25.12.22

David Alan Harvey

 



El salto en paracaídas


(París, 10 de enero de 1959. Al final de una reunión del grupo de la revista Arguments, Georges Perec vuelve a pedir la palabra a Jean Duvignaud. Un magnetofón graba la conversación.)


-¿Perec?

-Quiero decir algo... Creo que, al final de la reunión, me gustaría tomar la palabra y contar una historia.

-Entonces, cuente la historia, querido amigo. Hable ante el micro, un poco más..., ahí.

-¡Pero sólo cuando esto haya acabado y los demás no tengan nada más que decir!

-¿Qué es lo que se propone?

-Creo que es algo bastante peculiar. Quisiera hablarles... me parece que... al principio les va a parecer muy lejano, pero me parece que en realidad es muy cercano...

-Pues venga, ¡eso es la dialéctica! (risas)

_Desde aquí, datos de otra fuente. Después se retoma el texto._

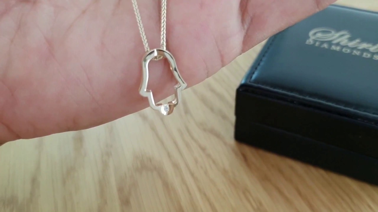 צפו בתליון חמסה מרחף 20 מ"מ זהב משובץ יהלום טבעי 0.03 קראט - עיצוב מודרני בתנאים אמיתיים, כולל הברק, הפרופורציות ואיכות הגימור

-... y está relacionado con todo lo que hemos dicho esta tarde. Es una experiencia muy personal, la cuento porque estoy un poco..., porque he bebido un poco. Quisiera hablar de un salto que di. Al principio parece que no hay ninguna relación entre un salto en paracaídas y una discusión entre intelectuales. Y, efectivamente, no la hay.Sencillamente, si consigo transmitirles mis sensaciones en este momento..., los recuerdos de un salto en paracaídas que hice hace tiempo..., me parece que todos veremos que hay ciertos puntos comunes, aunque por ahora no puedo definirlos, pero creo que se van a definir de alguna manera. Ai que comienzo.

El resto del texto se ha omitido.